Struktur-Funktions-Zusammenhänge im Lichtsammelkomplex LHCII

Rekonstitution

LHCII ist der Haupt-Lichtsammel­komplex des Photosystems II im Photosyntheseapparat höherer Pflan­zen. Sein Apoprotein, das häufigste Membranprotein in Pflanzen, bindet 50 % des Gesamtchlorophylls. Nicht nur die Energiesammlung für den Photosyntheseapparat gehört zu den Aufgaben des LHCII, sondern er ist auch beteiligt an der Dissipation über­schüssiger Anregungsenergie, dem Ausbalancieren der Anregung beider Photosysteme und der Stapelung der Thylakoidmembran. LHCII ist eines der wenigen Membranproteine, deren Struktur bekannt ist und die gleichzeitig in vitro rückgefaltet werden können. Das eröffnet zahlreiche experimentelle Möglichkeiten, wenn man die Funktionen dieses wichtigen Memb­ranproteins aufgrund seiner Struktur verstehen möchte.

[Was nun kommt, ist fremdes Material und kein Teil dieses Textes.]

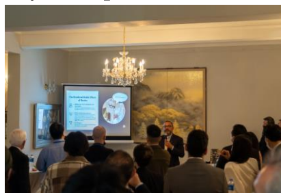
（写真 1）焼酎・泡盛についての講義を聴く参加者

日本ではロックや水割り、お湯割りといった飲み方で食事中に焼酎・泡盛を楽しむことが多いが、食中酒があまり一般的ではない香港では、カクテルという形が焼酎・泡盛の間口を広げる有力なアプローチとなることから、分科会としては、今後もバーテンダーを対象とした PR や焼酎・泡盛を使ったカクテルの PR を継続していきたいと考えている。

Wir nutzen die Möglichkeit, bakteriell exprimiertes LHCII-Apoprotein in vitro zu einem strukturell authentischen Pigment-Protein-Komplex zu rekonstituieren. Wenn dabei Spinmar­ker ortsspezifisch in den Komplex eingeführt werden, wird der Komplex zugänglich für die Elektronen-paramagnetische Resonanz-Spektroskopie, mit der die Struktur einzelner Protein­domänen untersucht und deren Strukturdynamik charakterisiert werden kann (Zusam­menar­beit mit Prof. Gunnar Jeschke, ETH Zürich; Ref.: Jeschke et al., 2005; Volkov et al., 2008; Dockter et al., 2009; Dockter et al, 2012; Fehr et al., 2015, 2016). Diese und andere spektroskopische Methoden (Fluoreszenz, Circular­dichroismus – CD) werden eingesetzt, um mögliche Konformationsveränderungen des LHCII in seinen verschiedenen Funktionszuständen zu charakterisieren. Weiterhin inte­ressieren wir uns dafür, wie die Eigenschaften von Membran-inseriertem LHCII abhängen von der Lipid-Zusammensetzung der Membran (Ref.: Yang et al., 2006) und für die Eigenschaften des Proteins in künstlichen Membranen (Ref.: Zapf et al., 2015).